Они остановились у моста, под ним сновали на сампанах рыбаки. Из-за постоянного гула, какофонии языка, от которого он уже отвык, так что теперь приходилось сосредоточенно расшифровывать, Робину хотелось зажать уши руками, преградить путь любым звукам из того места, которое должно быть его домом, но не выглядело таковым.

– Прости, что не рассказал тебе о «Гермесе», – сказал он.

Рами вздохнул.

– Не сейчас, Птах.

– Я должен был тебе рассказать, – не мог успокоиться Робин. – Должен был, но не рассказал, потому что все это до сих пор разделяется у меня в мыслях, и я не мог составить вместе два фрагмента, потому что просто не замечал… Не знаю, почему я не замечал…

Рами долго смотрел на него в молчании, а потом шагнул ближе, и теперь они стояли бок о бок, глядя на воду.

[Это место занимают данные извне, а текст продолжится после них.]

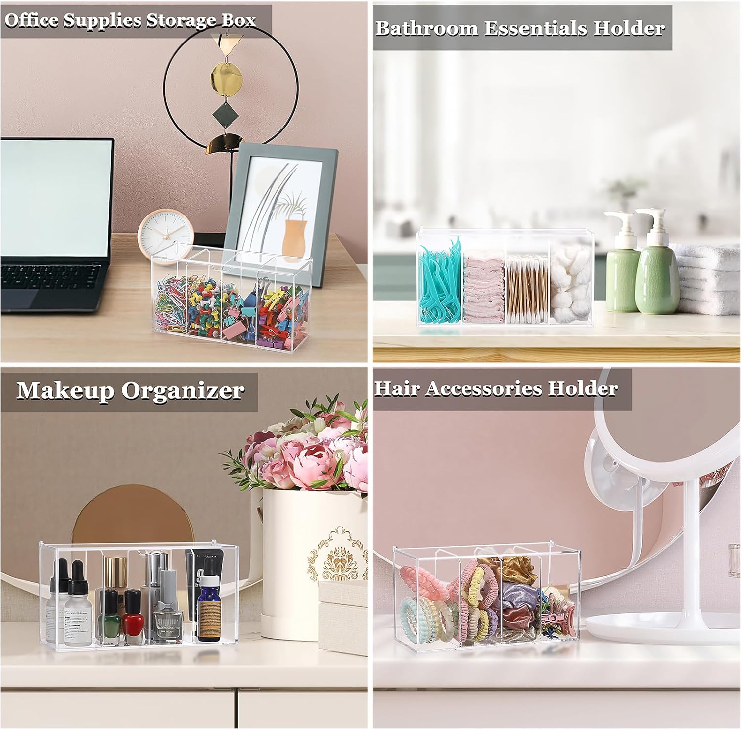 ELLDOO Lash Extension Organizer Box with Lid, Acrylic Eyelash Supplies Organizer Storage Box, 4 Compartments Bathroom Supplies Storage Container for Cotton Swabs, Balls, Pads, Floss Picks
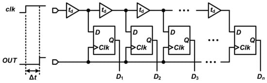 Figure 5 shows the schematics of the TDC. During the time of , the input signal “1” is transmitted in the delay line. When the pin generates a positive edge, in other words, the time is consumed, the DFFs are triggered. The number of DFFs output signal “1” is expressed as , where is the delay time of a buffer. The buffers and DFFs showed in Figure 5 are suitable for standard cell-based logic synthesis.
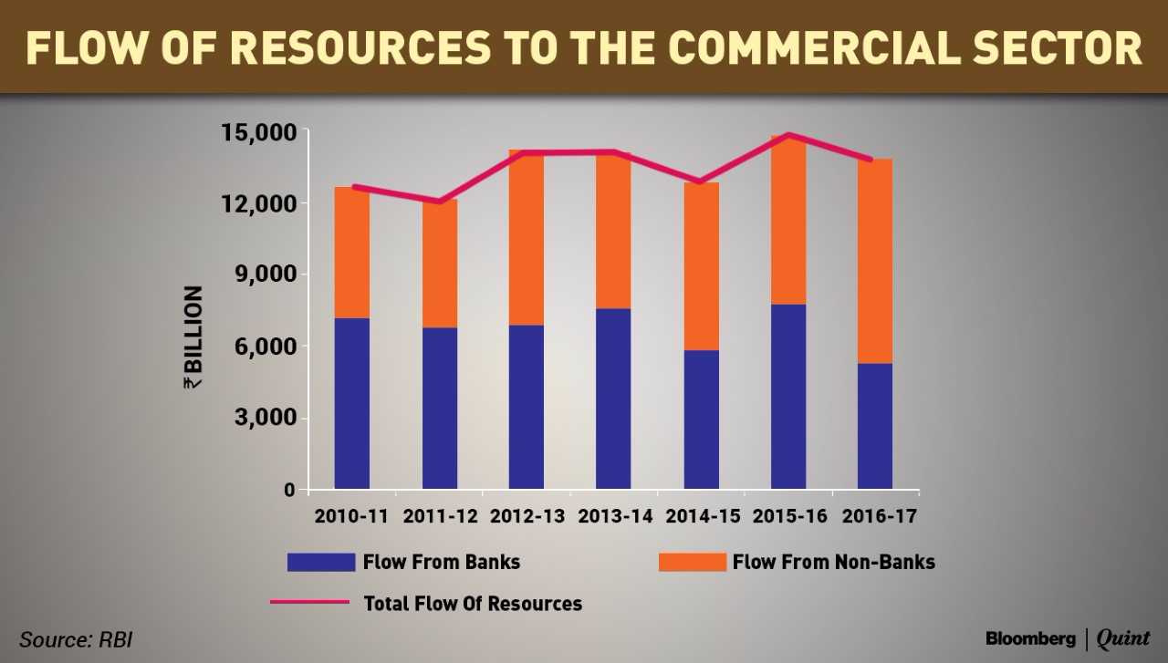 Banks' share in the flow of credit, which was around 50 percent in 2015-16 declined sharply to 38 percent in 2016-17. However, the aggregate flow of resources to the commercial sector was not affected owing to a sharp increase in private placements of debt by non-financial entities and net issuance of commercial papers (CPs); the aggregate share of these two in total credit flow to the commercial sector increased to 24.3 percent in 2016- 17. Moreover, there was increasing intermediation of credit by mutual funds.

– А знаешь, – тихо произнес Рами, – сэр Хорас Уилсон, мой опекун, однажды взял меня на маковое поле, в которое он вложил капитал. В Западной Бенгалии. Кажется, я тебе об этом не рассказывал. В Бенгалии, Бихаре и Патне было много таких полей. Сэр Хорас владел долей на одной плантации. Он так гордился этим, называл будущим колониальной торговли. Он заставил меня пожать руки работникам на поле. Сказал, что когда-нибудь я стану управляющим. Мак изменит все, так он говорил. Возместит торговый дефицит. Я никогда не забуду увиденное. – Он облокотился о перила моста и вздохнул. – Сплошное море цветов, ряд за рядом. Такого ярко-алого цвета, что вся земля выглядела больной, кровоточащей. Мак рос по всей округе. Потом его собирали и отправляли в Калькутту, а оттуда на частных торговых судах везли сюда. Два самых популярных сорта опиума называются «патна» и «малва». Это районы в Индии. Из моего дома прямиком в твой, Птах. Забавно, правда? – Рами покосился на него. – Британцы превратили мою родину в военизированное наркогосударство, чтобы накачивать наркотиками твою. Вот так нас соединила империя.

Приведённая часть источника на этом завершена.